[[ Input open ]]

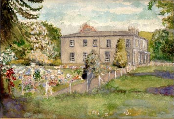 The avenue continued to the yard and to the back avenue along the east side of the house. The yard and the back of the house were sheltered by another wood so that coming up the avenue one only saw the front and side of the house on a slight rise and backed by trees. This wood ran between the flower knot and the big garden on the far side of the house, and so down to the river in what was called “the shrubbery”. As money became short the shrubbery was the first to suffer, the paths became overgrown and the shrubs and trees fought for light with many casualties; but it must have been a magnificent pleasure garden in its heyday. The back avenue was not used very often but it finally emerged through more woods in the lawn onto the main road. A similar set of wrought iron gates were there together with the back lodge where Ownie Lynch and his sister lived. Ownie looked after the carthorses and was the ploughman.
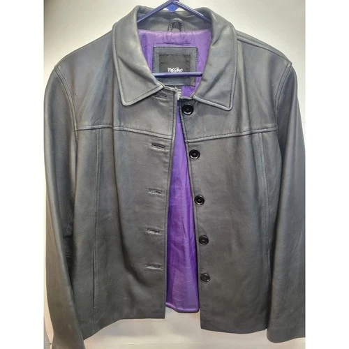 Vtg Mossimo Black Genuine Leather Jacket L Purple Lining Button Front Coat
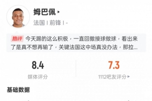 體育資訊6月6日訊 歐國聯(lián)半決賽,法國4-5西班牙,無緣決賽。姆巴佩首發(fā)出戰(zhàn),傳射建功,另外他還有3次過人成功,2次關(guān)鍵傳球,評分8.4。
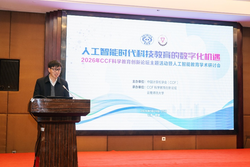 2026年1月25日,由中国计算机学会(CCF)主办、CCF科学教育创新论坛与云南师范大学联合承办的“2026年CCF科学教育创新论坛主题活动暨人工智能教育学术研讨会”在云南师范大学举行。本届论坛以“人工智能时代科技教育的数字化机遇”为主题,汇聚了来自高校、科研机构及产业界的顶尖专家学者,共同探讨人工智能与科技教育深度融合的创新路径,为教育现代化与拔尖创新人才培养注入新动能,论坛由副校长甘健侯主持。
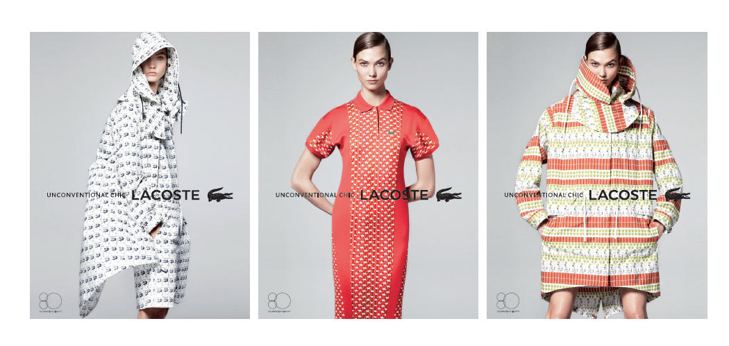 Lacoste met en abîme les imprimés de sa collection Printemps /Été 2013 au sein de trois visuels.
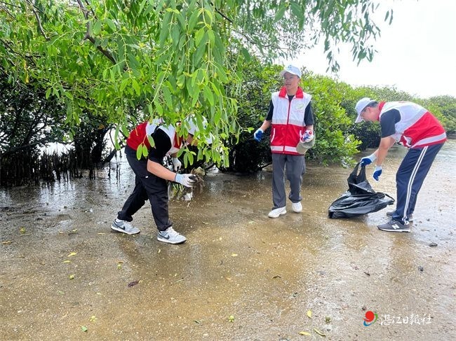 護綠行動中,志愿者們紛紛佩戴好手套、拿起垃圾袋、兩兩結對走進紅樹林,將散落在紅樹林中的垃圾清理掉,以志愿力量還紅樹林一個整潔、干凈的生長環境,為改善海洋生態環境貢獻青春力量。
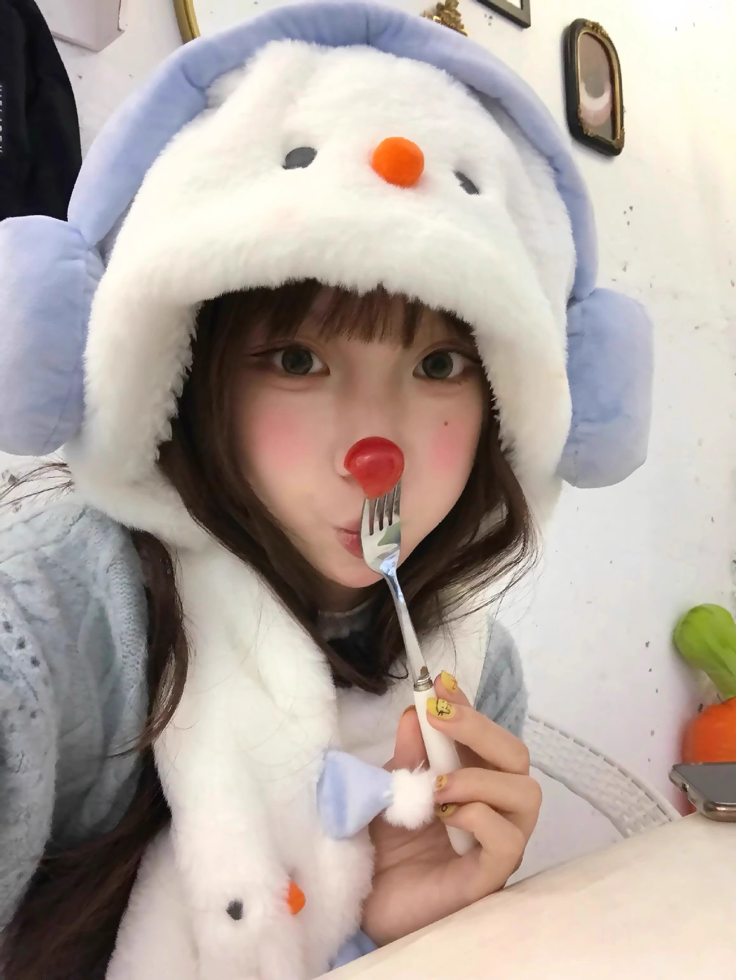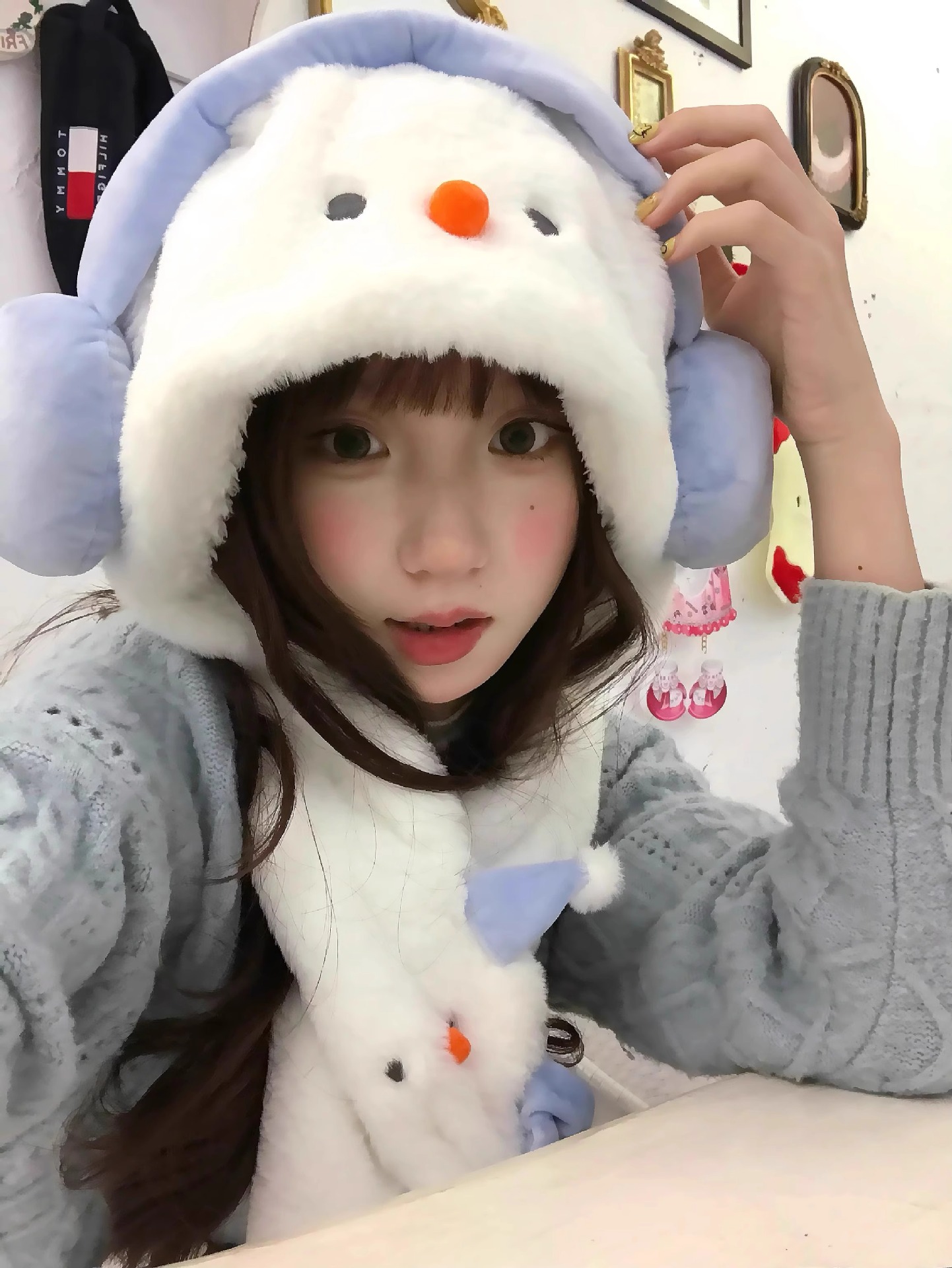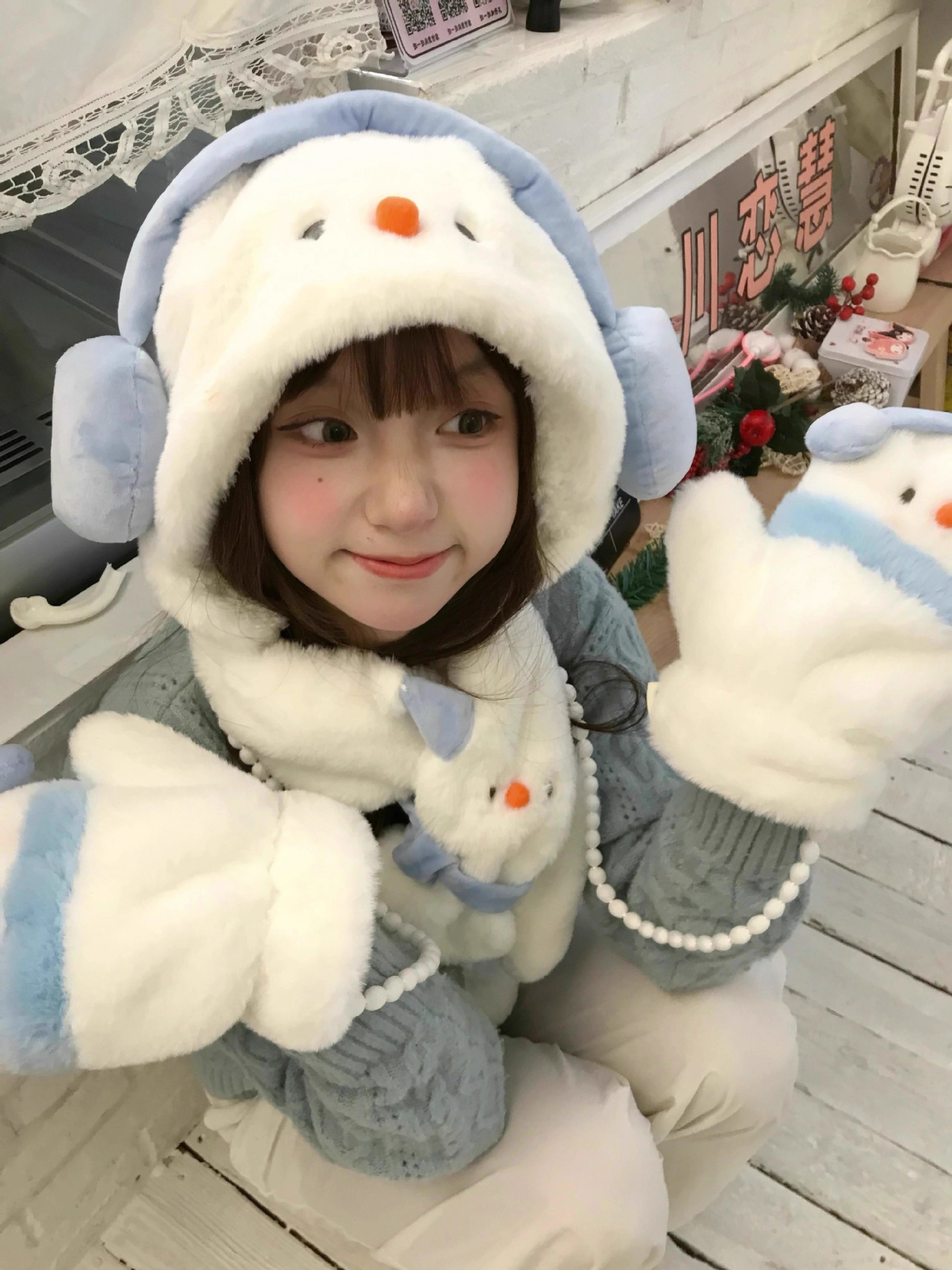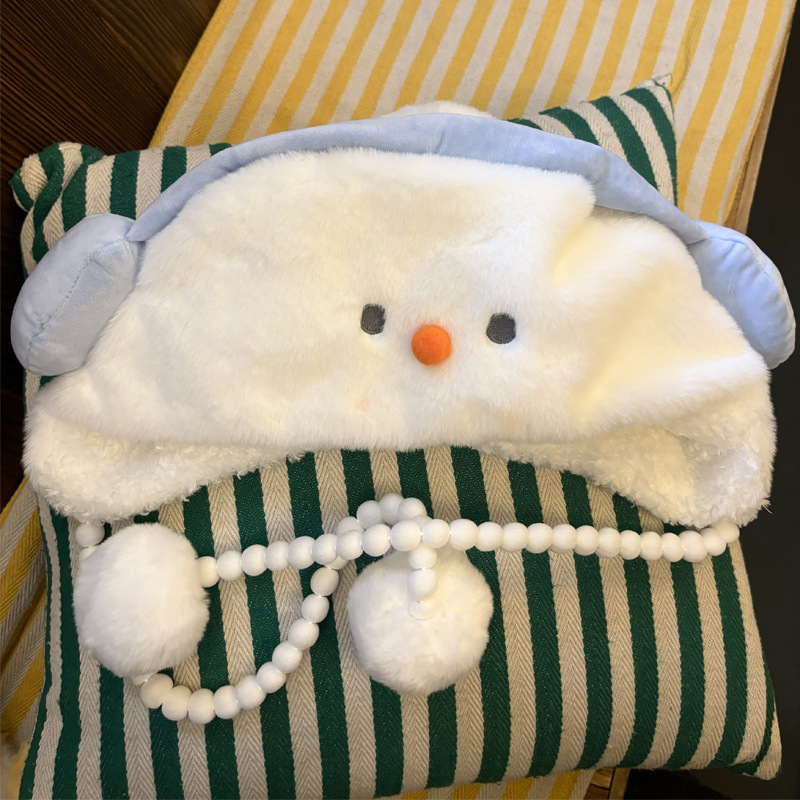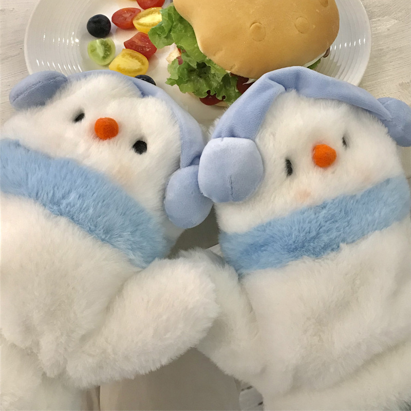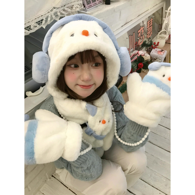 겨울 새로운 따뜻한 두꺼운 눈사람 모자 귀여운 도파민 눈사람 스카프 장갑 모자 모피 3 피스 세트
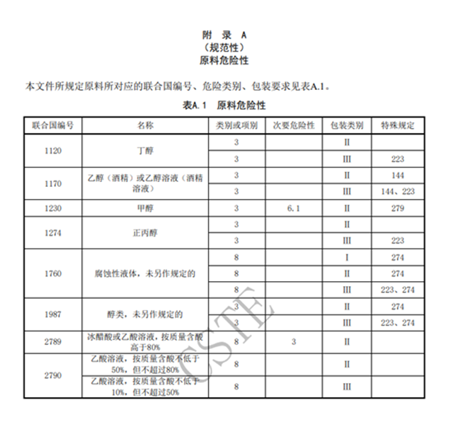 本文件所規(guī)定原料所對應(yīng)的聯(lián)合國編號、危險(xiǎn)類別、包裝要求見表A.1。
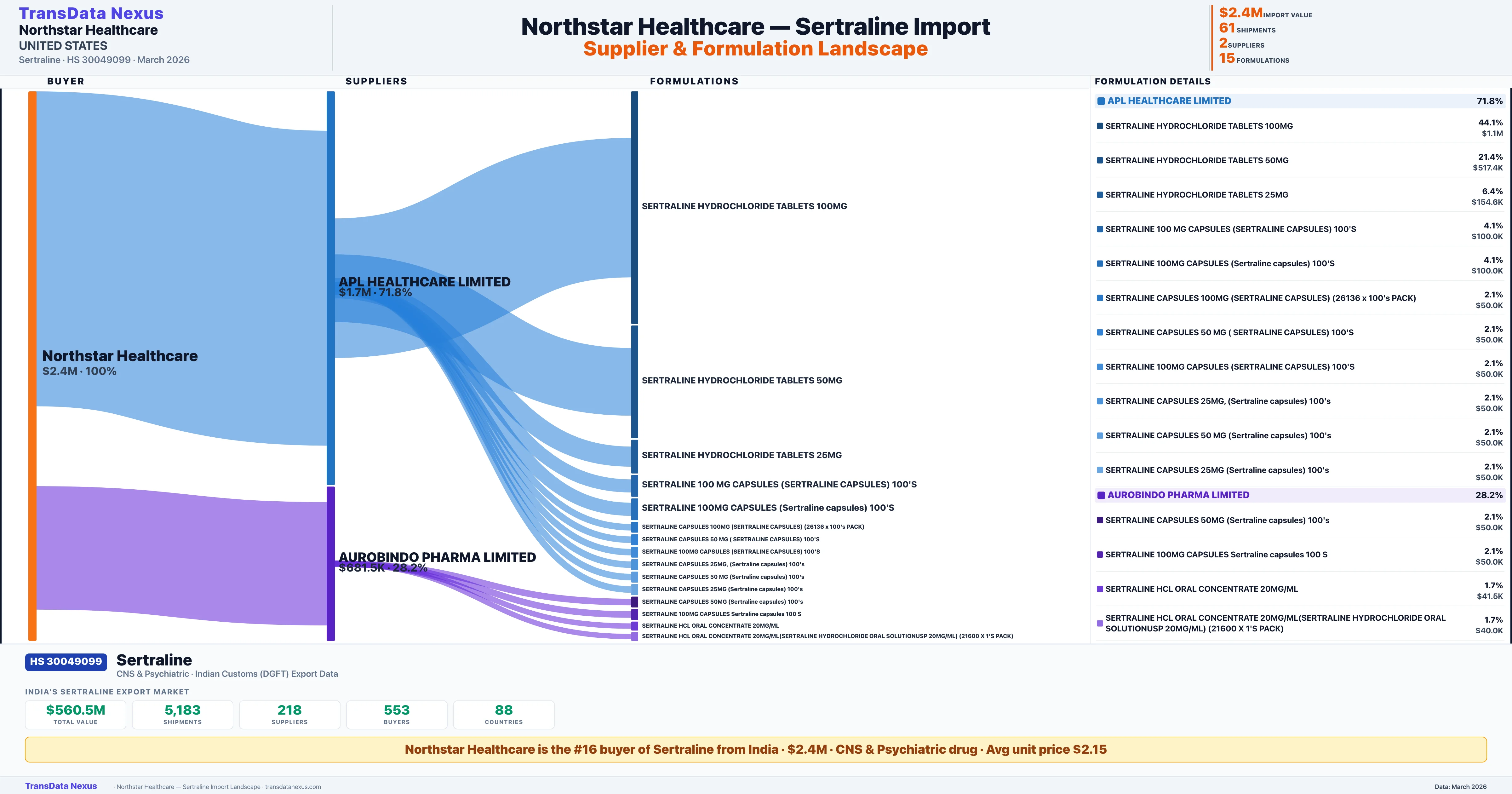 NORTHSTAR HEALTHCARE β Sertraline Import Profile: Suppliers, Formulations & Sources
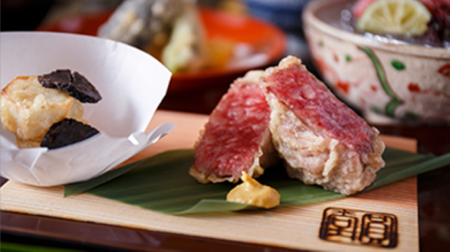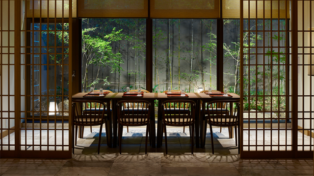 京都五山の一つ、建仁寺が位置する東山区。八坂圓堂 THE CELESTINE KYOTO GIONは、歴史情緒の漂う街のホテルの中にある料理店です。京格子で仕切った客席、壁一面の窓から見える青竹林、書院造のような床の間。店内には、現代と伝統が見事に調和した空間が広がります。厳選した旬の食材を職人の卓越した技術で調理し、独自の感性で仕上げたメニューが人気です。お茶屋としての伝統を引き継いだ格式高いおもてなしと、ここでしか味わえないこだわりの日本料理をお楽しみください。

[[ Input closed ]]

▸ What is expected:
Transcribe the records above exactly and drop every picture.

▸ Response:
 The avenue continued to the yard and to the back avenue along the east side of the house. The yard and the back of the house were sheltered by another wood so that coming up the avenue one only saw the front and side of the house on a slight rise and backed by trees. This wood ran between the flower knot and the big garden on the far side of the house, and so down to the river in what was called “the shrubbery”. As money became short the shrubbery was the first to suffer, the paths became overgrown and the shrubs and trees fought for light with many casualties; but it must have been a magnificent pleasure garden in its heyday. The back avenue was not used very often but it finally emerged through more woods in the lawn onto the main road. A similar set of wrought iron gates were there together with the back lodge where Ownie Lynch and his sister lived. Ownie looked after the carthorses and was the ploughman.
 Vtg Mossimo Black Genuine Leather Jacket L Purple Lining Button Front Coat
 體育資訊6月6日訊 歐國聯(lián)半決賽,法國4-5西班牙,無緣決賽。姆巴佩首發(fā)出戰(zhàn),傳射建功,另外他還有3次過人成功,2次關(guān)鍵傳球,評分8.4。
 2026年1月25日,由中国计算机学会(CCF)主办、CCF科学教育创新论坛与云南师范大学联合承办的“2026年CCF科学教育创新论坛主题活动暨人工智能教育学术研讨会”在云南师范大学举行。本届论坛以“人工智能时代科技教育的数字化机遇”为主题,汇聚了来自高校、科研机构及产业界的顶尖专家学者,共同探讨人工智能与科技教育深度融合的创新路径,为教育现代化与拔尖创新人才培养注入新动能,论坛由副校长甘健侯主持。
 Lacoste met en abîme les imprimés de sa collection Printemps /Été 2013 au sein de trois visuels.
 護綠行動中,志愿者們紛紛佩戴好手套、拿起垃圾袋、兩兩結對走進紅樹林,將散落在紅樹林中的垃圾清理掉,以志愿力量還紅樹林一個整潔、干凈的生長環境,為改善海洋生態環境貢獻青春力量。
 겨울 새로운 따뜻한 두꺼운 눈사람 모자 귀여운 도파민 눈사람 스카프 장갑 모자 모피 3 피스 세트
 本文件所規(guī)定原料所對應(yīng)的聯(lián)合國編號、危險(xiǎn)類別、包裝要求見表A.1。
 NORTHSTAR HEALTHCARE β Sertraline Import Profile: Suppliers, Formulations & Sources
 京都五山の一つ、建仁寺が位置する東山区。八坂圓堂 THE CELESTINE KYOTO GIONは、歴史情緒の漂う街のホテルの中にある料理店です。京格子で仕切った客席、壁一面の窓から見える青竹林、書院造のような床の間。店内には、現代と伝統が見事に調和した空間が広がります。厳選した旬の食材を職人の卓越した技術で調理し、独自の感性で仕上げたメニューが人気です。お茶屋としての伝統を引き継いだ格式高いおもてなしと、ここでしか味わえないこだわりの日本料理をお楽しみください。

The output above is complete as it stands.